If – back in the late Twentieth Century – I’d told you that one day a Mayor of London would…
- 1. travel to work on a pedal bike.
- 2. leave 10,000 push-rods standing around the City and West End for any chump to use, pretty much, for free.
…the chances are you’d’ve asked if I’d been working too hard, suggest I take a glass of camomile tea and sit in the shade for a few minutes. The challenge is to try and imagine scenaria strange enough for the coming years.
This brings up the question of a follow-up to the Dunwich Dynamo. The legendary frolic, which once seemed very strange, now has a raft of tribute events including, since December 2012, a first in the Southern Hemisphere. The Newcastle Overnight just misses out on alliteration but in other respects follows the tested formula of a summer night-time spin from the city to the beach under a full moon.
The NO – or for francophone readers the NoN – contains an extra layer of perversity as everyone knows Sydney is blessed with many idyllic swimming strands and all towns in Australia – except Canberra, Alice Springs and various open-cast mines and sheep-stations – are on the coast. So not only do you leave a city hooching with saltwater swimming opportunities, the itinerary is never far from the Tasman Sea.
Not so much a ride to the beach as a ride along the beach but what the heck it looks like fun and if the current vogue for backward social-policy continues, and I get transported to the antipodes, in chains, for stealing a loaf of bread, it’ll definitely go on my to-do list.
Daughter of DD needs to be arrestingly unlikely, needs to start in London. It needs to terminate somewhere mysterious and interesting enough to avoid anti-climax. Welcome to London-Fes.

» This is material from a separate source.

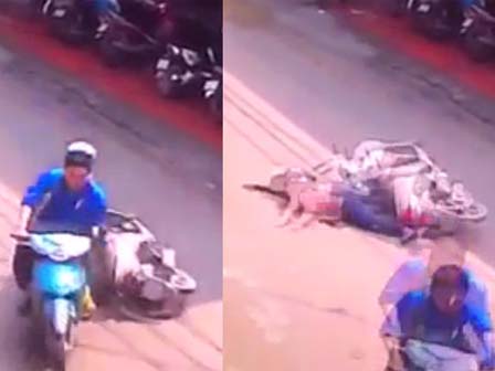 Sau cú va chạm nhẹ, cô gái tre bị văng khỏi xe và nằm sõng soài dưới đường

Fes is an ancient capital of Morocco.
Fes contains the largest area of motor-free urban space in the World.
Fes is in Africa.
Fes is definitely different to London
While the DD can – often is – undertaken on a whim, an extended international jaunt whilst, neither necessarily, serious or arduous, is best undertaken with a little more forethought. Time to rake up funds to enjoy the trip and plan time away from work and family responsibilities. For this reason the first formal edition of London-Fes will take place in October 2014. It will continue on a four year cycle, 2018, 2022 and so on, conveniently L-F takes place in the Autumn preceding a Paris Brest Paris summer.
October is preferred, first because after the equinox – on September 21st – riding South means the days get longer also because tourist facilities tend to be quiet but not shut and afternoons in Andalusia and Morocco are not too hot. These are formal dates but there’s no reason why the ride can’t be undertaken at anytime. You could leave tomorrow.

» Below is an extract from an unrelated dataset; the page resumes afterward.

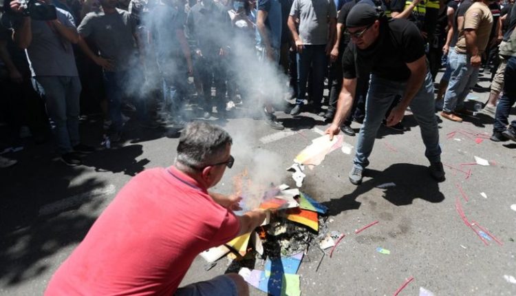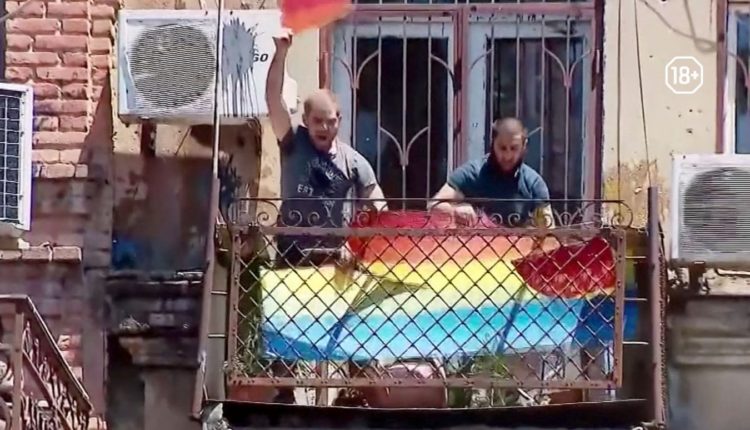 В понедельник противники шествия забрались через балкон в офис организации “Тбилиси прайд”, сорвав расположенный там радужный флаг и постер.

The most direct route from London to Fes includes around 2500 kilometres of cycling. London to Portsmouth for a night boat to Ouistreham in Normandy. South across the Loire to Royan where a short ferry over the Gironde puts you on the flat, coast road to the Basque country. Up into Navarre, across a corner of Aragon onto the high plains of Castille. Madrid is an option if you have time then across the Sierra into the corrugations of Andalusia from Algeciras to Morocco then a last 300 kms up to the old Berber city of Fes.

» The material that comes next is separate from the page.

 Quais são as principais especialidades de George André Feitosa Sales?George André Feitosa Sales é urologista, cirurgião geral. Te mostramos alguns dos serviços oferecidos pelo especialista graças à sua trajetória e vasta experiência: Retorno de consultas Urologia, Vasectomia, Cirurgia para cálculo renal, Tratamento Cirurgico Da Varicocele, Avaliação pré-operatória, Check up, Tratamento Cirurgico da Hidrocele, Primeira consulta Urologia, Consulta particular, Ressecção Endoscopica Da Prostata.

This is a classic route but there are other possibilities, a boat from Portsmouth to Bilbao to miss out a week crossing France. You could cross France diagonally and take a boat from Marseille to Melilla.
When the DD was launched there was no internet for everyday people, ideas were spread with flyers, alliances cemented with coupons and cheques. Nowadays things are much easier, more fluid. London-Fes is an idea. The plan is to build a resource a place for people to share ideas.
The only actual event currently planned for the first edition is a party in Fes in the last week of October 2014. The advantage of keeping trimmings to a minimum is not putting people off with too much targeted marketing. The trip can be undertaken by thrifty people hauling tents and kitchens and by others whose idea of survival is “if you can’t find a five-star hotel check into a four star.” Average 70 miles a day and you can do the riding in three weeks. Go faster and you can leave later or spend time exploring places that take your fancy, Pamplona, Madrid, Cadiz? A few days to hang out in the hallucination that is Fes and a train journey – two and half days – back to London add up to a month. When I rode London-Fes in 2010 I broke my bike in a gloomy garage and posted it home in a box which made the train journey simple and glamorous. The Moroccan Postal service is professional and used to shipping bulky items – mostly souvenir carpets – to the North.